The same holds true for marijuana as a gateway drug. People think that taking marijuana almost always leads to harder drugs. That's simply not true. The fact that someone jumps from mary jane to cocaine does happen, but it has nothing to do with the drug, but the person using it. Just like people continue to think "prostitution" is a gateway crime and therefore want laws strictly enforced. If government would simply make it legal and regulate it, crimes tied to prostitution would be drastically reduced, but that would require going against the moral majority and thinking outside the box.
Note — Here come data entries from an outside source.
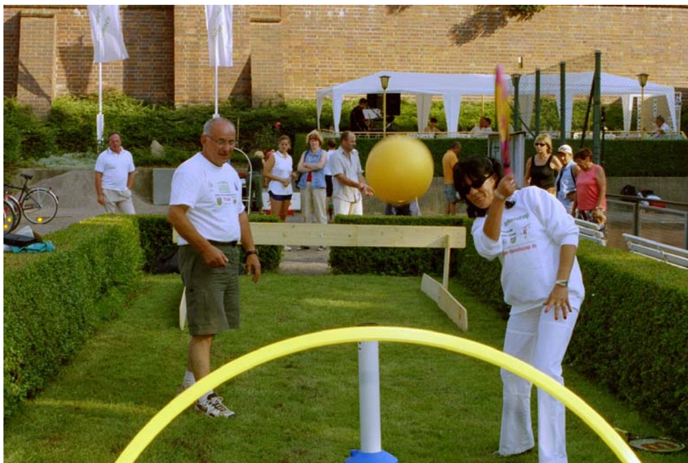
Bild oben: Rita Henke - Ausschussvorsitzende für Familie, Jugend und Sport des sächsischen Landtages - beim Erlernen des Top-Spin-Schlages mit dem „Top-Pin“.

Bild unten: Anfängerunterricht innerhalb des Lingener Schulsport-Projektes „ISI“ (Integrieren statt Isolieren)
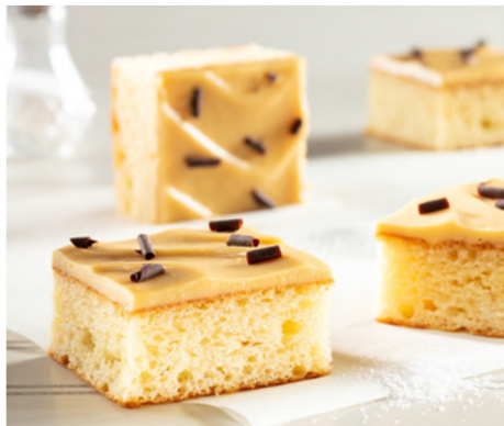
AVANTAGEUX CARMEL SALÉ
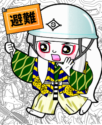
井原市マスコットキャラクター でんちゅうくん
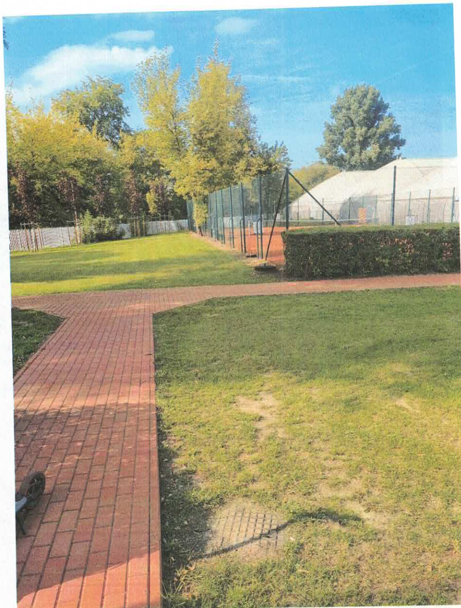
Miejsce ułożenie kabla do lamp nr 3 i 4
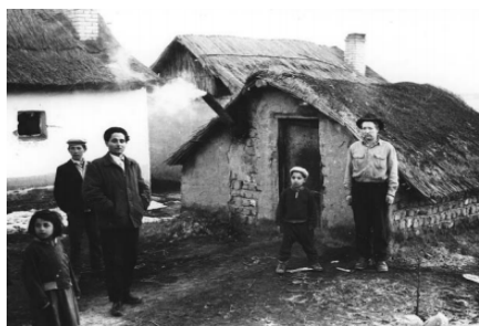
A kiskunlacházi cigánytelep (1960)

„...Czigányaink nagyobb társaságban laknak az erdők közvetlen közelében, de minden család külön gúnyhóban él; e lakhelyek félig a földbe ástott meglehetősen meleg viskók, melyek teteje favázzra hányt 50–70 cm vastag földréteg, s némelyik oly tiszta és takaros berendezésű, hogy bizony nem egy keleti szomszédnak példaképpül volna felmutatható... Minden kompánia, mely olykor 70–80 családból is áll, tart néhány pár lovat, hogy vásárra vihessék a nagyobb teknőt, vályút stb. Fehér, 1892.108.3 44
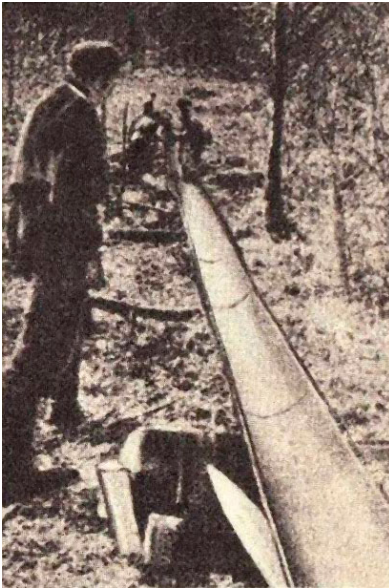
Obr.: Približovací šmyk v prevádzke

Zabezpečenie mobilného, skladacieho šmyku s funkčne vhodným navijákom v záujme ohľaduplnej technológie približovania dreva
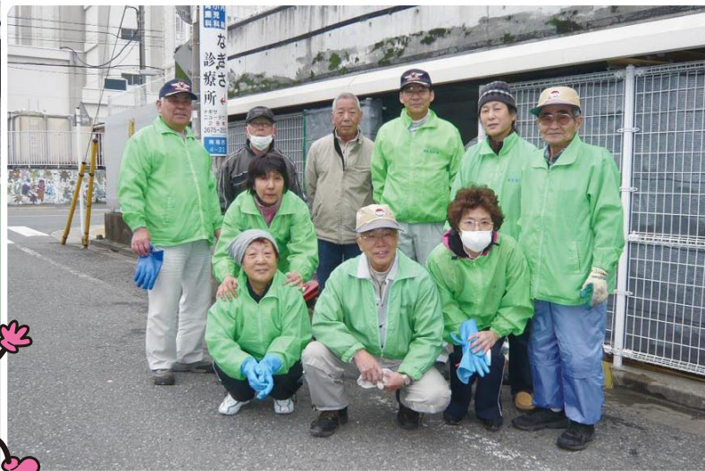
町会のために頑張っている皆さん
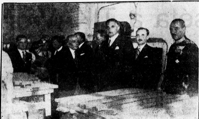
Bornemisza Géza miniszter a Baross Gábor Kör famegmunkáló telepén

LAPUNKAT TÁMOGATJA, HA HIRDETŐINKNÉL VÁSÁROL
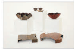
은상_IBDA Silver 다례(茶禮)_김유
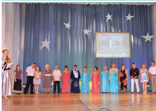
Участники конкурса песни
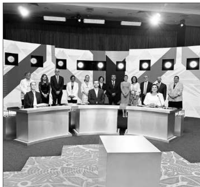
▲ Los temas que se perfilan para ser recordados son los calificativos de "fría y sin corazón" y "la mentirosa candidata del PRIAN".

Agreguemos que pocas personas llevan el registro de las promesas electorales. Por el contrario, en la memoria colectiva permanecen como aspectos destacados en los debates han sido ocurrencias, como la idea de cortarles la mano a los delincuentes, el incidente por el vestido de una edecán, o la frase "Ricky riquín canallín". El contraste de propuestas pasa a segundo o tercer término y por lo general se juzga el desempeño
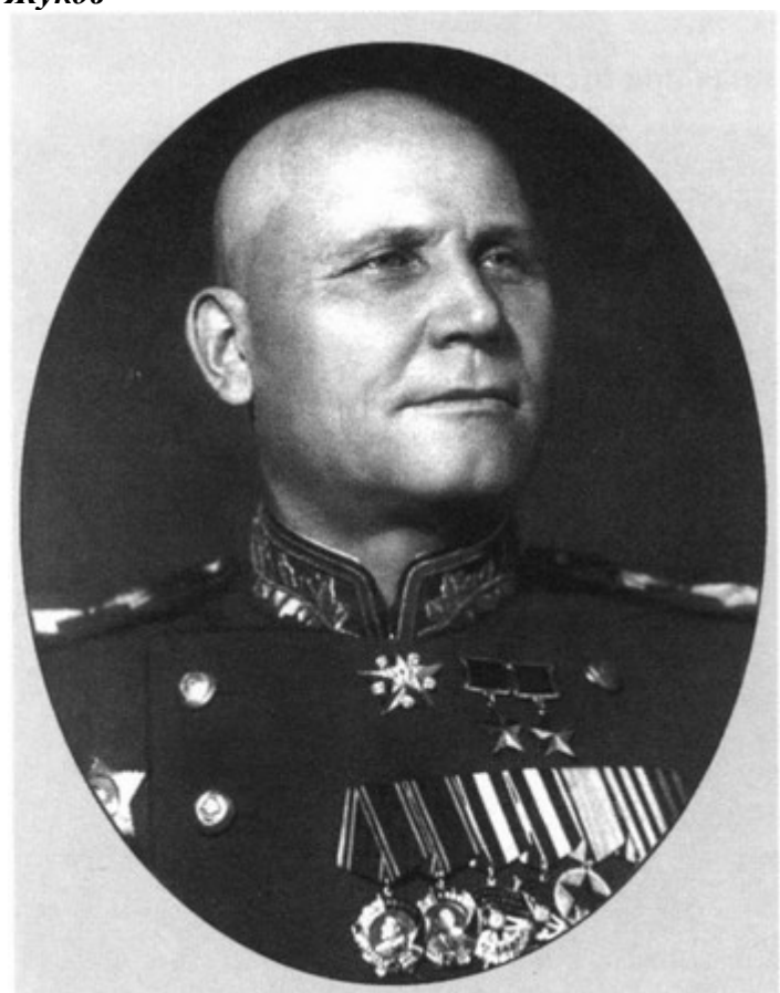
И. С. Конев
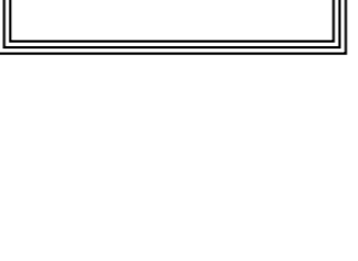
توجه نائب مسادم الرئيس إلى مصدق من أجل وقف سائت من االعاج الجاري، (أف ب)

نقلت وكالة «رويترز» مساء أمس، عن مصادر مطلّعة تأكيدها أنّ تركيا تعمل على سحب قواتها من نقطة المراقبة في مورك في ريف حماة الشمالي جنوبي محافظة إدلب، والتي كانت قد أقامتها عام 2018، بعدما حاصرها الجيش السوري والعديد من المواقع التركية الأخرى العام الماضي. وقال مسؤول بارز في المعارضة السورية، مُخرّب من تركيا، إنّ تفكيك القاعدة بدأ، موضحاً أنّه سيستغرق عدّة أيام، واصفًا ذلك بأنه جزء من الجهود التركية لتعزيز خطوط وقف إطلاق النار التي تمّ التوصل إليها في اتفاق مع روسيا في آذار/ مارس على أن يبادر مصدران آخران بمكّلمان على العملية، طلبا عدم نشر اسميهما، بأنّ الانسحاب بدأ في وقت مبكر من يوم أمس، فيما أشار أحدهما إلى أنّ القوات التركية لا تُفكر في إخلاء موقع مراقبة آخر في هذه المرحلة (رويترز)
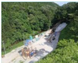
▲下流工用道路付近からの工事現場眺望（※H26.7現在）

※ 工事中の安全確保のため、工用道路や仮設ヤードについては、進入禁止の措置をとらせて頂いております。ご了承ください。
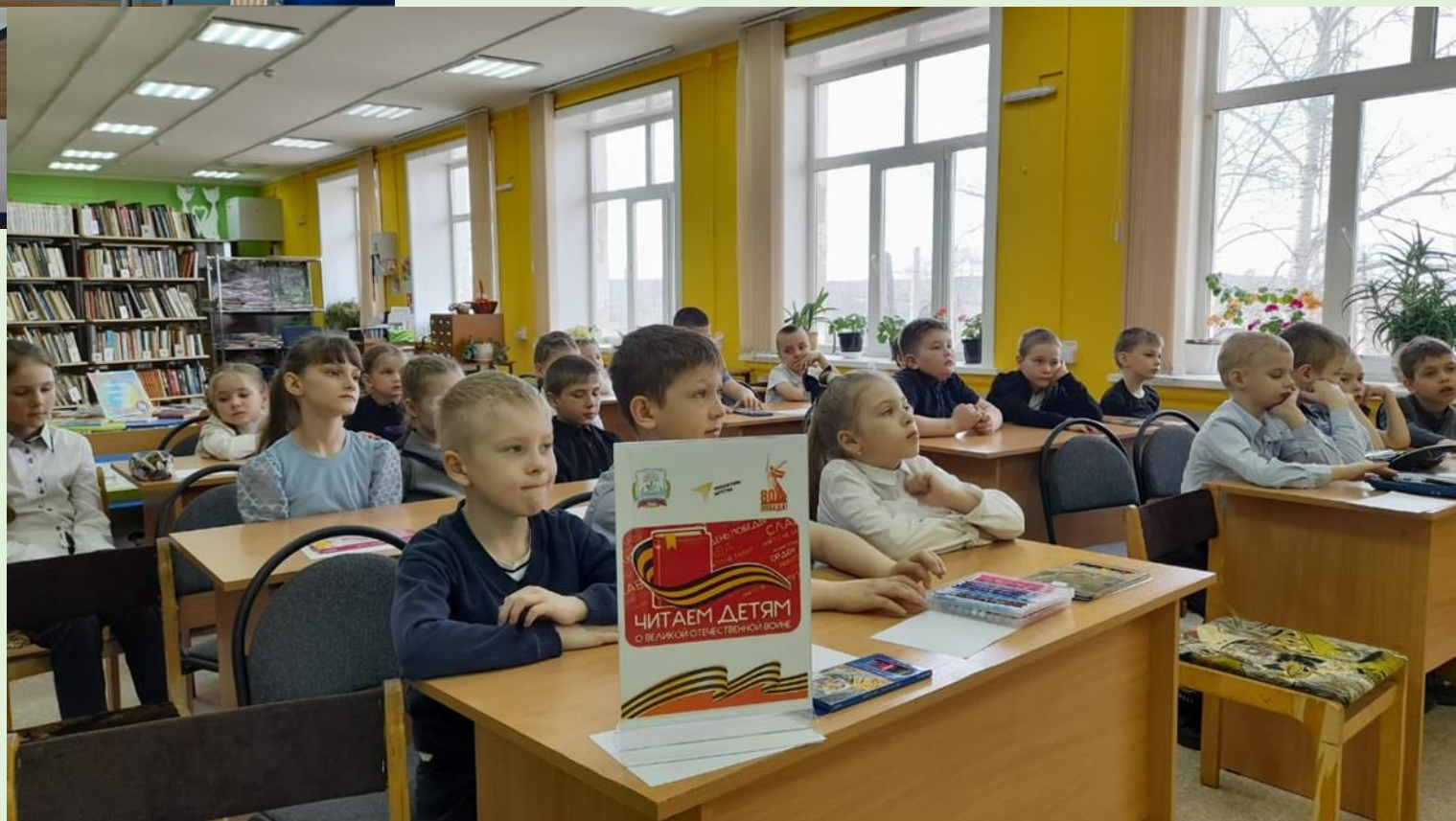
Час памяти «Войны священные страницы» с. Сосновый Бор
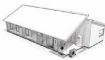
Воздушные/водяные тепловые насосы
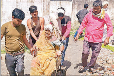
व्हील चेयर पर बैठकर मोर्चरी जाती मृतक की मां।
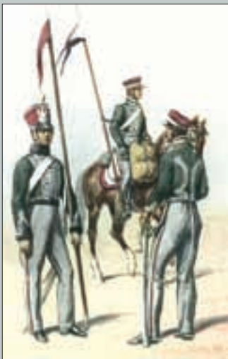
10-asis lietuvių ulonų sukilėlių pulkas. Bronislaw Gembarzewski
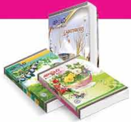
APOLO BINDING BOOKS
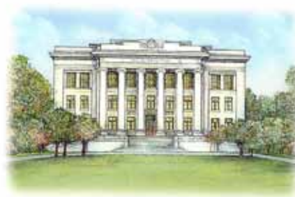
HARVARD MEDICAL SCHOOL

1.Tıp Eğitimi Günlerinin kapanışında katılımcılar bu deneyim ve bilgi paylaşımının çok verimli olduğunu bildirmişlerdir. Bu toplantıların her yıl diğer üniversitelerin de katılımıyla yapılması, monotematik olması ve gelenekselleşmesinin yararlı olacağı yönünde yaygın bir görüş ortaya çıkmıştır.
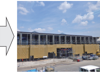
現在(令和元年5月時点)
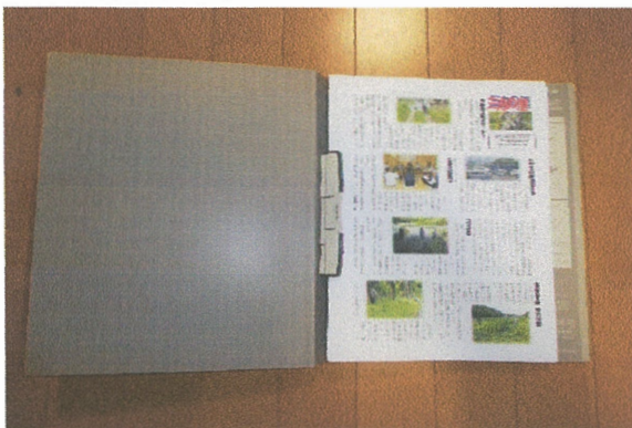
広報 三舟の里 212号

If you are willing to do one dishonest and illegal thing (and do it with no remorse), you are likely to do others (i.e. correlation). It all has to do with the morals of the person committing the act. The article doesn't say much but it makes sense in all other areas. But stop calling it "Gateway crime," I'm sick of that label because it implies causation and leads to stupid crime prevention policies.
"All great wisdom is contained in .signature files"
What is it about the phrases "business executives" and "behind bars" that, when used in the same sentence, tend to make my nipples tingle?
This sig, aah-ah, is comin' like a ghost-sig...
that summary couldn't have made less sense to me.
It does not surprise me in the least that someone involved in black hat SEO was also involved in outright criminal activity. Loose ethics are loose ethics, no matter the business.
A side note to other posters... please keep in mind, guys: standard, ethical SEO and black hat SEO are NOT the same. Neither he nor I are talking about all-- or even most-- SEO methods.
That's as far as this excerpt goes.